State Coincident Indexes in September
by Charles Steindel  October 28, 2020

The Federal Reserve Bank of Philadelphia's state coincident indexes continued to be remarkably mixed in September, but still on an uptrend. 11 states saw an increase of 10 percent or more in the three months since June, led by Massachusetts' gain of nearly 32 percent. In contrast, 2 states saw their indexes drop since June and 3 others—including Texas—had gains of less then 1 percent. Once again, the reported national increase of only 2.3 percent is at odds with the state results (California and Florida also had marked gains, though less striking than New York).

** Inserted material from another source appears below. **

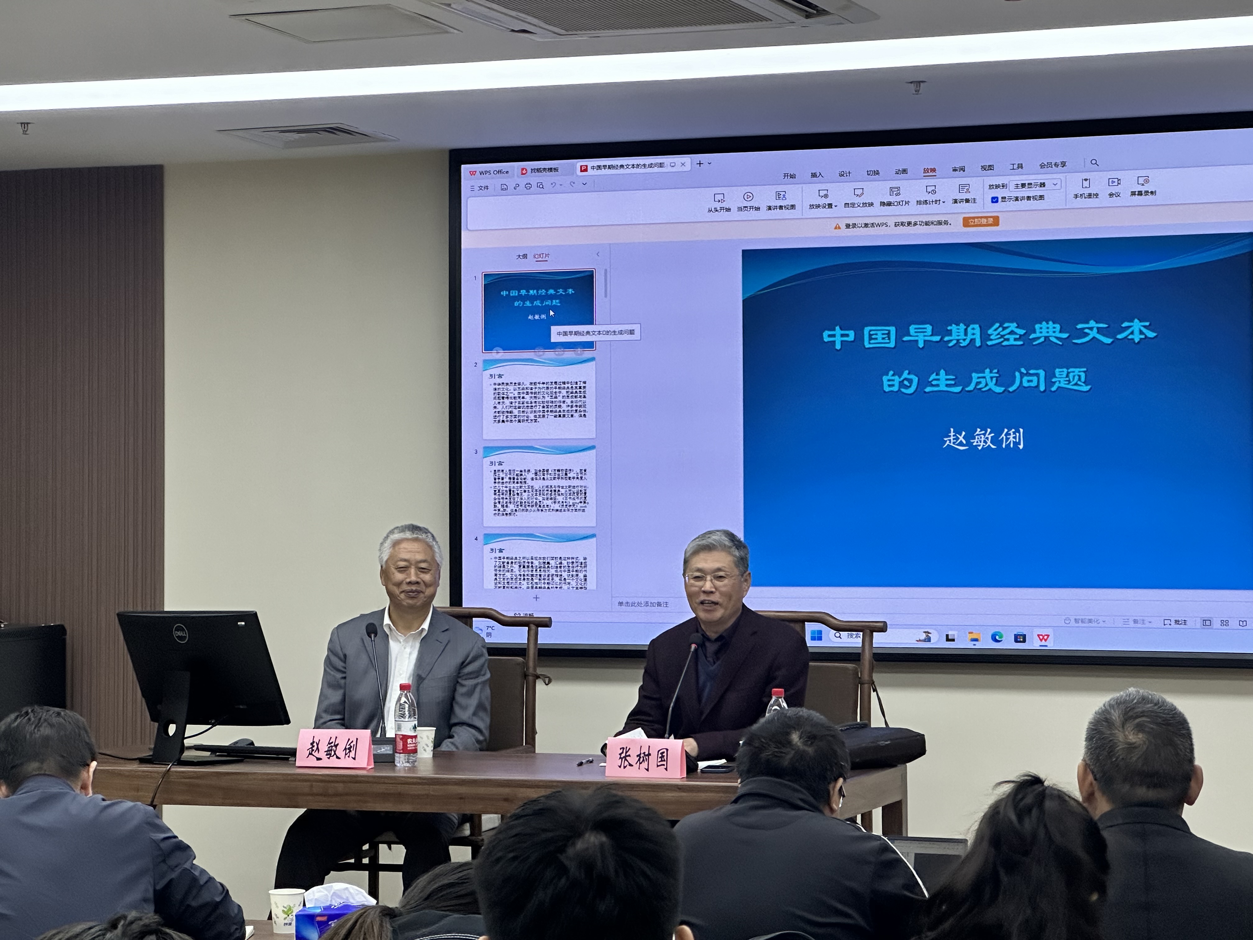 2023年11月13日晚,no视频 太炎讲堂系列讲座在恕园23号楼314会议室召开,中国乐府学会会长、首都师范大学燕京人文讲席教授赵敏俐教授受邀作题为“中国早期经典的文本生成问题”的讲座。本次讲座由no视频 中文系张树国教授担任主持人,一同出席讲座的还有no视频 刘正平教授、王晶波教授、姜荣刚教授、陈学祖副教授、谷玲玲助理研究员,以及众多孳孳向学的本、硕同窗。

Over the last year, Utah, Nevada, and Georgia saw modest increases in their indexes, while all other states dropped, with Hawaii's 32.2 percent being far and away the largest. Aside from Massachusetts, 3 other large Northeastern states had double-digit gains: New Jersey, New York, and Pennsylvania. From August to September 8 states fell, with Hawaii experiencing a shocking 5.5 percent drop. On the other side, Kentucky and Massachusetts both roe 7.8 percent. As was the case for the three-month move, large Northeastern states also did well in August-September, again including New York, New Jersey, and Pennsylvania in that group.

The latest report suggests that recovery in the Northeast has been most recently been stronger than most of the rest of the nation; this may reflect in part that area lagging in reopening (and so lagging in the surge connected with that) than elsewhere. However, given the still uncertain path of the economy, complicated by the latest surge in cases, it is hard to draw any conclusions about the underlying trends in state and local divergences.